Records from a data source
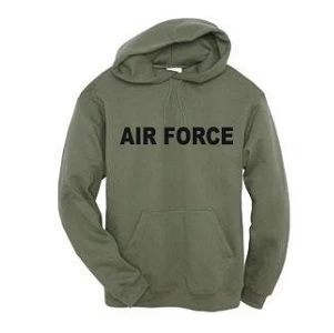 The air force sweatshirt is printed on a heavyweight blend hooded sweatshirt. SUPER SOFT. The air force sweatshirt is 50% cotton / 50%Poly. The air force sweatshirt is part of our line of patriotic t-shirts and sweatshirts. The air force sweatshirt has a double-lined hood with drawstring, muff pocket, and is double-needle stitching throughout. The Air Jet spun yarn creates a softer feel without pilling.
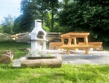 5 rom hytte 280 m2 på 2 etasjer. Romlig, med skråtak, komfortabelt og smakfullt møbler: inngang. Sammenhengende rom. Stor stue/spisestue med, 2 sovesoffaer, vedovn, satelit-TV, flatskjerms TV, radio, CD-spiller og DVD. Utgang til verandraen. 1 rom med 2 senger. Åpent kjøkken (stekeovn, oppvaskmaskin, 4 keramiske kokeplater, brødrister, vannkoker, mikrobølgeovn, frys, grill, elektrisk kaffemaskin, dampgryte) med bar, spisebord. Dusj/WC, bidé. øverste etasje: salong, med skråtak med, radio og CD-spiller. 2 rom med skråtak, hvert rom med 3 senger, satelit-TV og flatskjerms TV. 1 rom med skråtak med, 2 uttrekkbare senger (2 pers.), satelit-TV (flatskjerms TV). Dusj/WC, dobbel servant. El-oppvarming. Vennligst merk: kjæledyr/små hunder tillatt 2 kjæledyr/små hunder tillatt. Røykvarsler, brannslukkningsapparat. En ferie godbit for mennesker og dyr. Dette er en hund og katt vennlig ferie innkvartering. Ferieeiendom inkludert hage å slappe av. Passer til grill. Hvis været ikke spiller, er det også en TV. Det er en mikrobølgeovn tilgjengelig.- fasiliteter
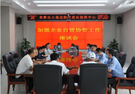 近日,河北黄骅出入境边防检查站组织召开加强企业自管协管工作座谈会,面对面探讨口岸管控措施,进一步推进港口企业协管自管制度落实,提升口岸综合管控效能。
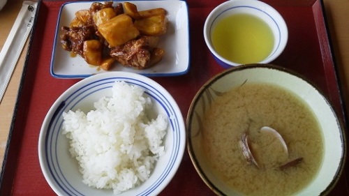 日曜日、すっとこさんが大幅に朝寝坊したので朝ごはんがすっかり遅くなりました。もう11時まわっています。たまには外で食べるのもいいか、と、近くの食堂で朝昼兼用の食事となりました。自分で好きなものを選んでレジで代金を払ってテーブルにつくというところです。私は、からあげとポテトの甘酢和えにあさり汁。しっかりあさりのだしが出ていて、おいしかったです。朝マックも好きだけどね。
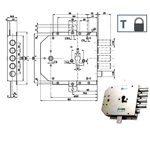 Serratura cilindro europeo a planare triplice Fori protettore mm 38 Catenacci laterali 4 pistoni e scrocco Scatola mm 182x159x35 – Entrata mm 63 Cilindro non incluso

> **Assigned task**: Leave the pictures out, and copy exactly each line from the one containing "日曜日、すっとこさんが大幅に" through the final line of the data.

> **Solution**:
 日曜日、すっとこさんが大幅に朝寝坊したので朝ごはんがすっかり遅くなりました。もう11時まわっています。たまには外で食べるのもいいか、と、近くの食堂で朝昼兼用の食事となりました。自分で好きなものを選んでレジで代金を払ってテーブルにつくというところです。私は、からあげとポテトの甘酢和えにあさり汁。しっかりあさりのだしが出ていて、おいしかったです。朝マックも好きだけどね。
 Serratura cilindro europeo a planare triplice Fori protettore mm 38 Catenacci laterali 4 pistoni e scrocco Scatola mm 182x159x35 – Entrata mm 63 Cilindro non incluso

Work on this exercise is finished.